What carries the argument
The one-shot activation-informed low-rank subspace that restricts perturbations to coefficient matrices for each linear layer.
If this is right
- The variance-dependent term in convergence decreases with lower perturbation dimension.
- Finite-difference error of the ZO estimator is reduced.
- Subspace bias is mitigated by low-rank activation structure, enabling practical use.
- The method supports momentum optimizers like Adam and quantized fine-tuning.
- Performance improves on standard LLM benchmarks compared to full-weight or random-subspace ZO methods.
Where Pith is reading between the lines
- If low-rank structure holds more generally, the approach could apply to other neural network types beyond transformers.
- Further reduction in memory could come from combining the fixed subspace with additional compression on the coefficients.
- The one-time basis computation suggests potential for online adaptation if activations shift significantly during training.
Load-bearing premise
LLM activations and gradients possess enough low-rank structure for the subspace approximation bias to remain controlled in practice.
What would settle it
Running the method on a model or task where the activation matrices do not exhibit low-rank structure and observing that performance falls below random low-dimensional subspace baselines would falsify the controlled-bias claim.
Figures
read the original abstract
Zeroth-order (ZO) optimization enables fine-tuning large language models when backpropagation is unavailable or memory-prohibitive, but existing methods often perturb full model weights or randomly constructed low-dimensional subspaces, yielding high-variance estimates and limited performance. We propose ZO-Act, an activation-informed ZO fine-tuning method that restricts perturbations to a fixed low-rank subspace derived from input activations. For each linear layer, ZO-Act computes a small activation basis once at initialization and optimizes only lightweight coefficient matrices using forward-only loss evaluations. This reduces the effective perturbation dimension, exposes explicit trainable variables compatible with momentum-based optimizers such as Adam, and naturally supports quantized LLM fine-tuning by keeping low-bit weights frozen. We analyze ZO-Act as zeroth-order optimization over a restricted coefficient space and show that perturbing the low-dimensional coefficients reduces both the variance-dependent convergence term and the finite-difference error of the ZO estimator, at the cost of a controlled subspace approximation bias that is mitigated by the low-rank structure of LLM activations and gradients. Experiments on Llama-3-8B, OPT-13B, and INT4 Llama-3-8B show consistent gains over strong ZO fine-tuning baselines across language understanding, question answering, and commonsense reasoning.
Editorial analysis
A structured set of objections, weighed in public.
Referee Report
Summary. The paper proposes ZO-Act, a zeroth-order fine-tuning method that computes a fixed low-rank activation basis once at initialization for each linear layer and restricts perturbations to the corresponding coefficient matrices.

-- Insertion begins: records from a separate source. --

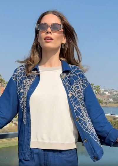 Helm Embroidered Mock-Denim Jacket in Sluice Wash
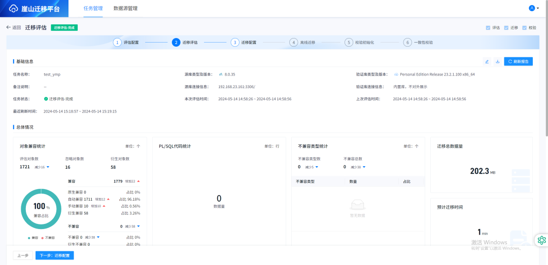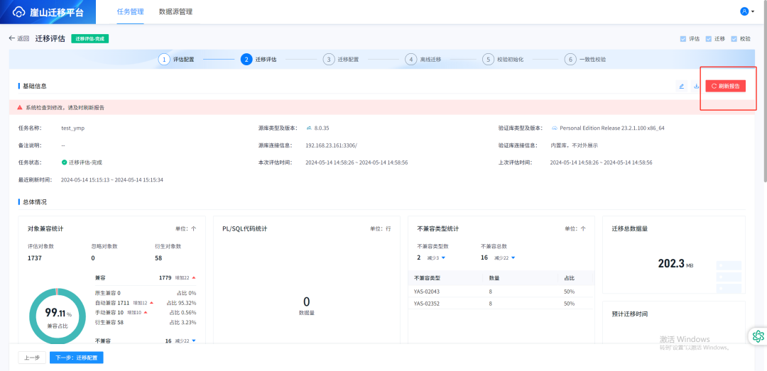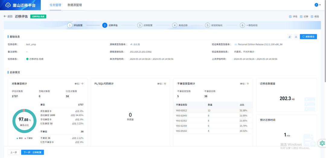 YMP会开始进行迁移评估,稍微等待一段时间后,会出现评估报告
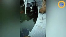Cette femme risque sa vie pour sauver un chaton dans un tuyau d'eau !

It analyzes this as ZO optimization over a restricted coefficient space, claiming reductions in the variance-dependent convergence term and finite-difference error of the ZO estimator at the cost of a controlled subspace approximation bias mitigated by low-rank structure in LLM activations and gradients. Experiments report consistent gains over ZO baselines on Llama-3-8B, OPT-13B, and INT4 Llama-3-8B for language understanding, QA, and commonsense reasoning tasks.
Significance. If the bias remains controlled throughout training, the method offers a practical advance for memory-efficient ZO fine-tuning of large models, including quantized ones, by enabling lower-dimensional perturbations compatible with standard optimizers like Adam while using only forward passes.
major comments (2)
- [Abstract] Abstract (analysis paragraph): The central claim that perturbing low-dimensional coefficients reduces variance and finite-difference error 'at the cost of a controlled subspace approximation bias that is mitigated by the low-rank structure of LLM activations and gradients' treats the one-shot initial basis as fixed; no explicit bound is given on how the approximation error evolves as gradients change during fine-tuning, which is load-bearing for the convergence analysis.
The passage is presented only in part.